TR
EN
Orta sahanın yiğidi: Yiğit İncedemir 1.12.2010
Orta sahanın yiğidi: Yiğit İncedemir

İzmirspor'da başlayan kariyerine Manisaspor'da devam ediyor. Son 2.5 sezonda kırmızı-beyazlı takımda gösterdiği performansla 25 yaşında ilk kez ay-yıldızlı takımla tanıştı. Bu geç buluşmanın ardında neredeyse 4 sezona varan bir futboldan uzaklık yatıyor. Çok koşan, mücadele eden ve takımı için savaşan kişiliğiyle adeta kayıp yıllarının acısını çıkartıyor.

Röportaj: Türker Tozar / TamSaha

Süper Lig'de henüz ikinci sezonunu oynuyorsun ve Millî Takım'a seçildin. Futbola nasıl başlamıştın?

Futbola babam sayesinde başladım.

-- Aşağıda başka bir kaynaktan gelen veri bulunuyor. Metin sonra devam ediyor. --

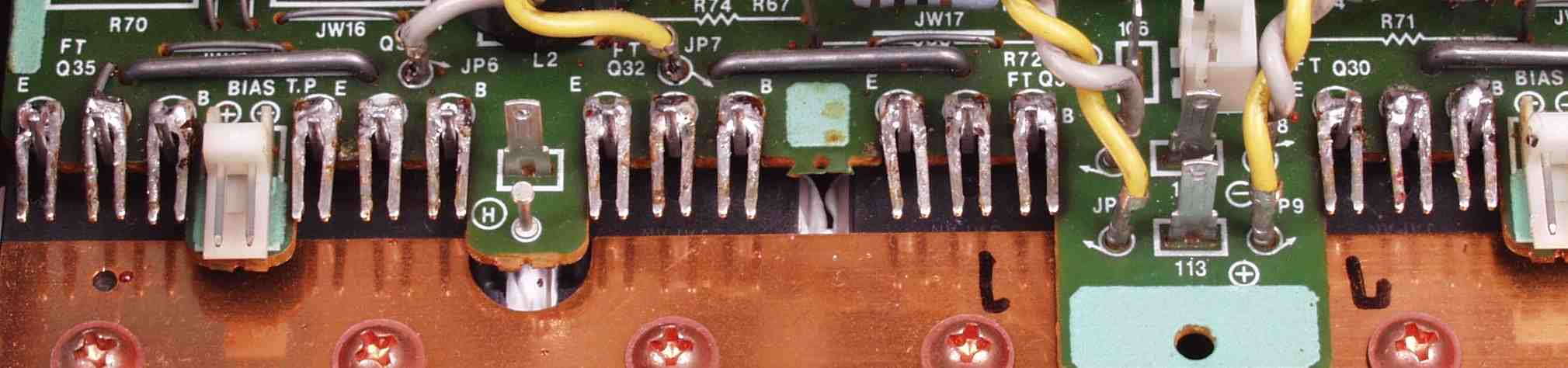 CE53. 修理後 R側終段基板裏 半田面積を広げる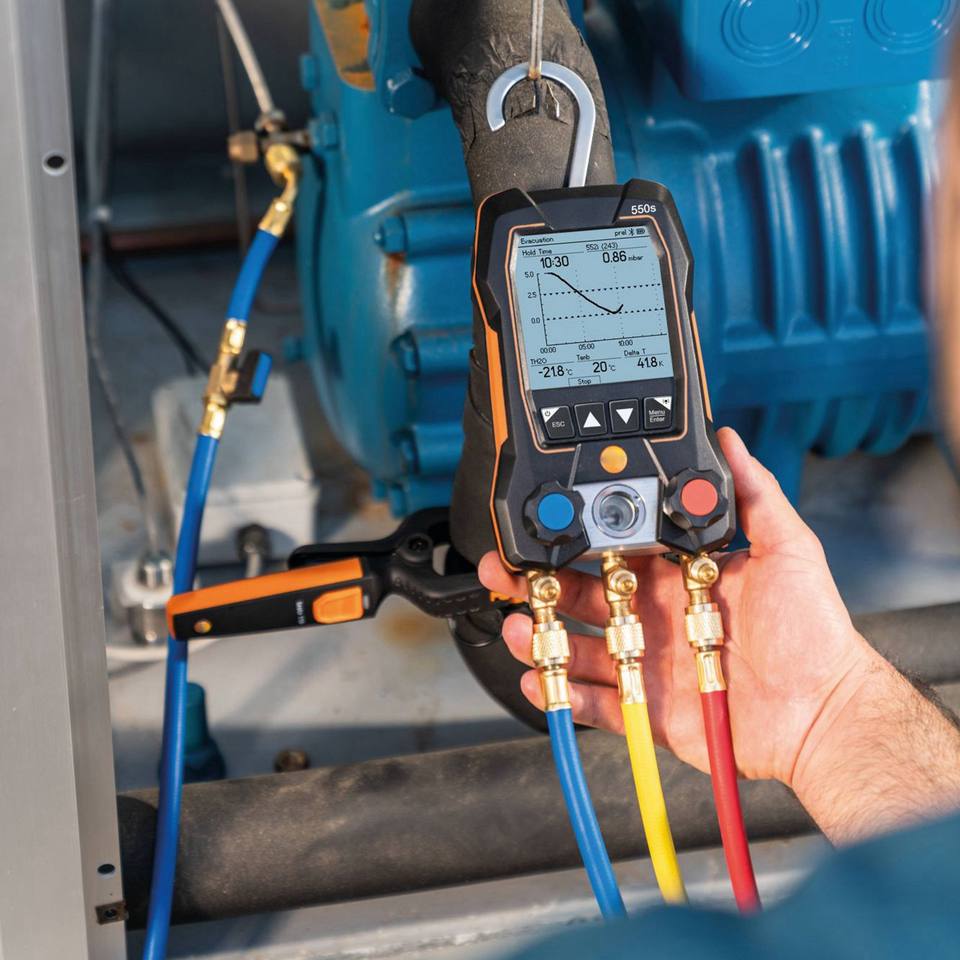 เกจวัดความดันดิจิตอล Testo 550S 549 ระบบ 2 วาล์ว สำหรับเครื่องปรับอากาศ HVAC พร้อมเครื่องวัดอุณหภูมิ ชุดเครื่องมือวาล์ว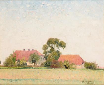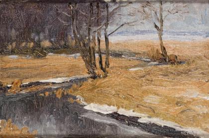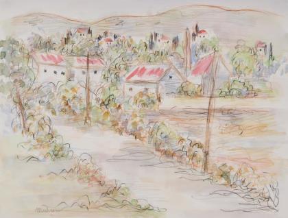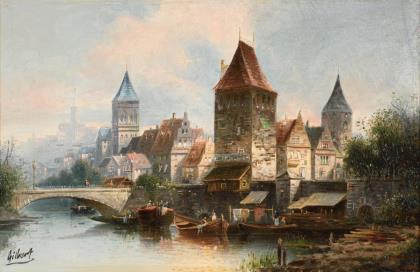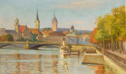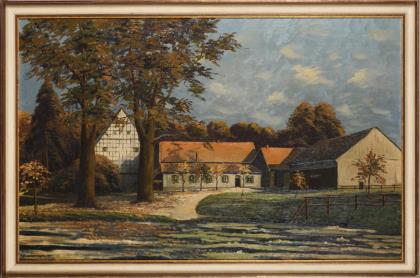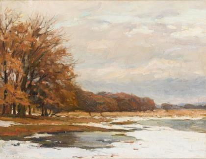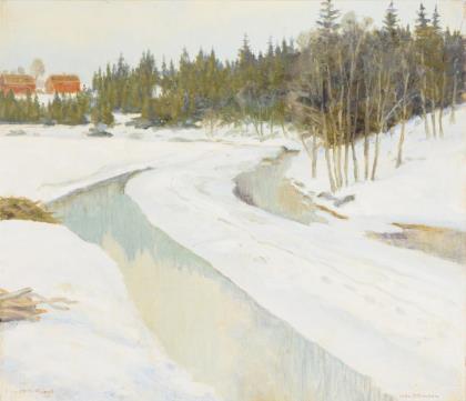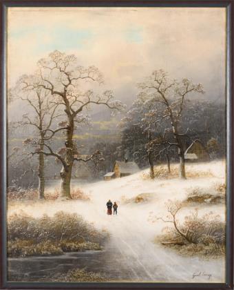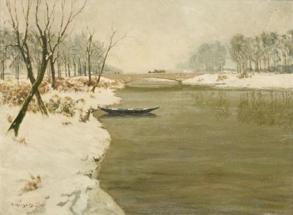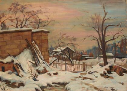 c Öl/Leinwand. Rechts unten monogrammiert. Datiert: 1940. 61 x 90 cm. 68 x 96 cm. Ortschaft mit Brücke an einem sonnigen Wintermorgen. Minimale Altersspuren.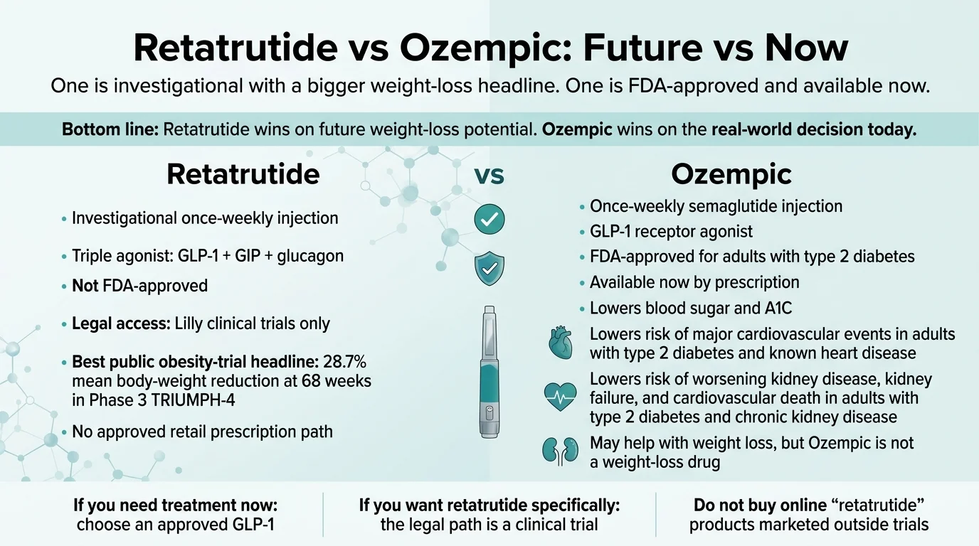 The one-line answer: Retatrutide probably wins on raw future weight-loss potential. Ozempic wins on everything that matters to a real decision today — FDA approval, legal availability, defined dosing, official pricing, and labeled cardiovascular and kidney benefits in adults with type 2 diabetes.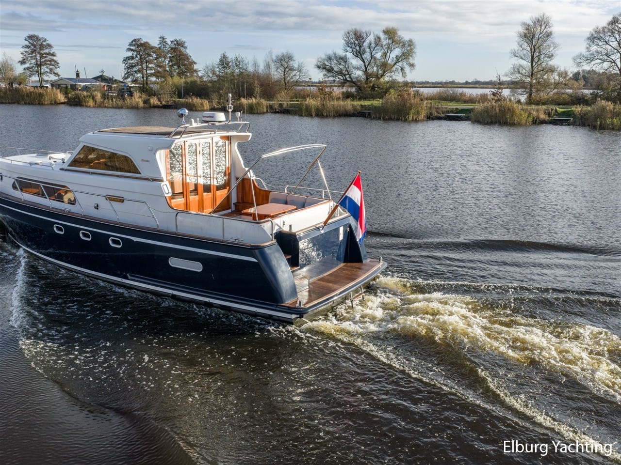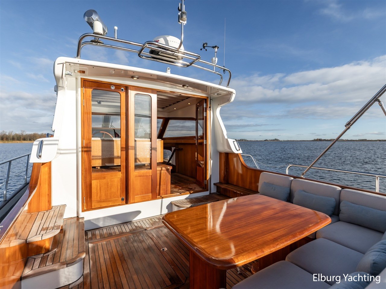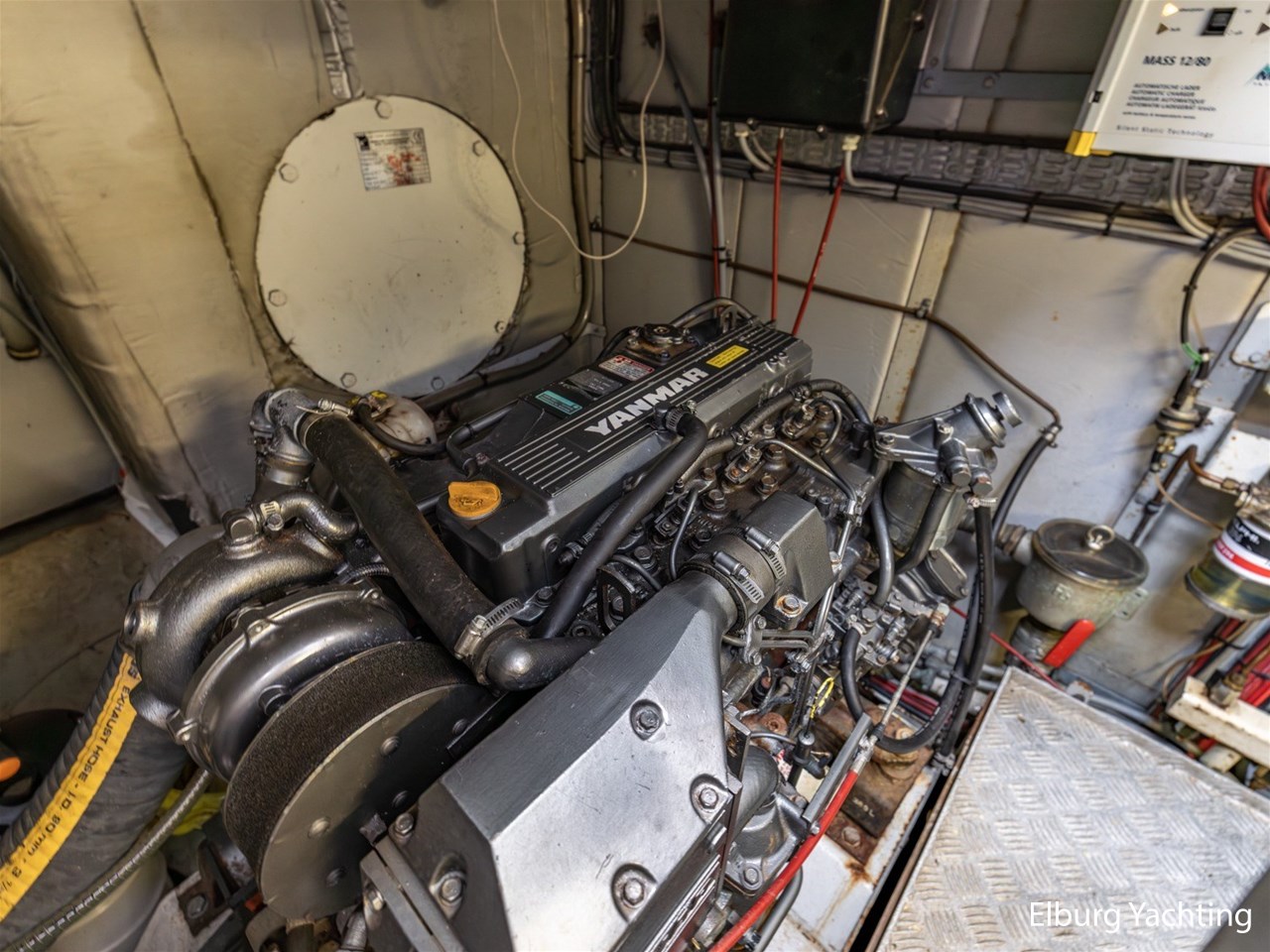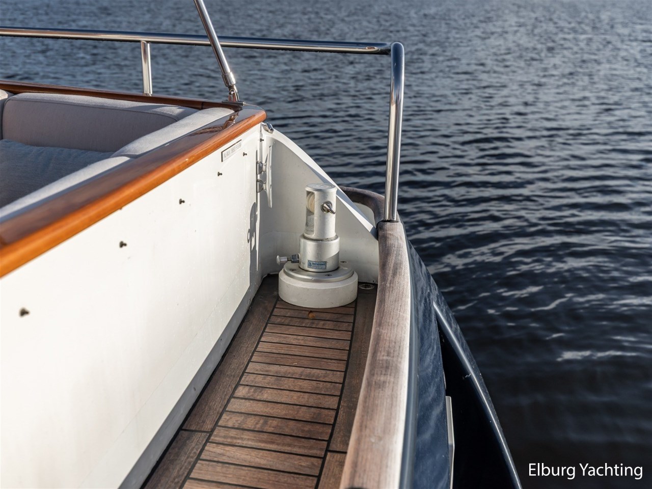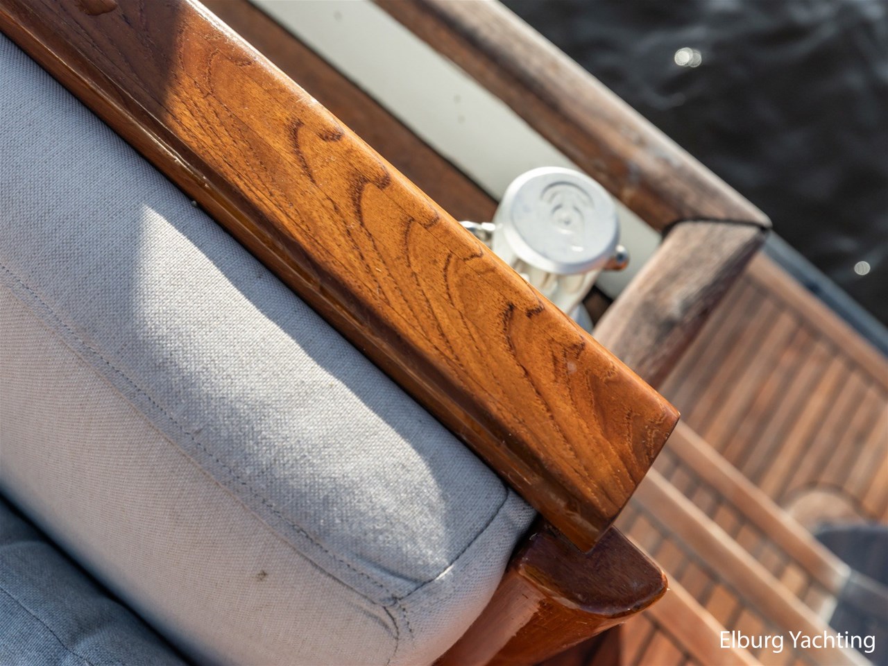 De Mulder Favorite 46 is een elegant en degelijk motorjacht, ontworpen door Guido de Groot en gebouwd door de gerenommeerde werf Mulder Shipyard. Dit jacht straalt tijdloze klasse uit en is ontworpen voor comfortabel en stijlvol verblijf aan boord. De ruime open kuip staat in directe verbinding met de salon en het stuurhuis, wat zorgt voor een open en lichte leefruimte. Het interieur is klassiek uitgevoerd in mahoniehout en voorzien van lichte, recent vernieuwde stoffering. Dankzij de twee hutten, elk met eigen sanitair, is het schip uitstekend geschikt voor langer verblijf aan boord. Tussen 2021 en 2025 is er breed geïnvesteerd in techniek, afwerking en uitrusting. Het teakdek is in 2023-2024 volledig vernieuwd door Jonker Jachtbouw. Het onderwaterschip is in diezelfde periode gestraald en behandeld met nieuwe antifouling. In 2023 is groot motoronderhoud uitgevoerd, inclusief de plaatsing van twee nieuwe turbo’s. In 2024 is aanvullende service aan de motoren uitgevoerd. Het jacht is voorzien van schroefassen en vierblads schroeven. De generator is in mei 2025 geserviced. De kruissnelheid bedraagt ca. 8 knopen bij 2500 rpm, met een maximale snelheid van ca. 11 knopen bij 3300 rpm. De economische vaarsnelheid ligt rond de ca. 7 knopen bij 2200 rpm. Qua uitrusting is het jacht voorzien van een uitgebreid en recent vernieuwd Raymarine-navigatiesysteem met onder andere twee Axiom 12” displays, radar, AIS, GPS, autopilot met afstandsbediening, VHF, windmeter en een camera op de radarboog. In 2023-2024 is er een nieuwe hekschroef met afstandsbediening aangebracht, naast de bestaande boegschroef. De kussens op het voordek zijn aanwezig en in 2023-2024 vernieuwd. Verder is het jacht uitgerust met RVS fenderhouders en een zoeklicht. Volledige documentatie van de werkzaamheden is op aanvraag beschikbaar. Voor vragen en/of het maken van een afspraak bent u 7 dagen per week van harte welkom bij Elburg Yachting.

Kendisi de amatör kümelerde oynamış eski bir futbolcu olan babam, Güraltay Kulübü'nde idari menajerlik yapıyordu. Ben de o kulübe yazıldım. Ağabeyim Burçak İncedemir de futbolcuydu. Uzun süre 3. Lig'de Bergama Belediyespor'da oynadı. Sonra istediğini bulamayınca bıraktı. Babam, aslında onun futbolcu olmasını bekliyordu, çünkü benden daha yetenekliydi. Ama şimdi tabii ki hem babam hem de ağabeyim geldiğim noktadan dolayı benimle gurur duyuyor.

Neden profesyonel futbolcu olmaya karar verdin? Eğitimini de devam ettiriyor musun?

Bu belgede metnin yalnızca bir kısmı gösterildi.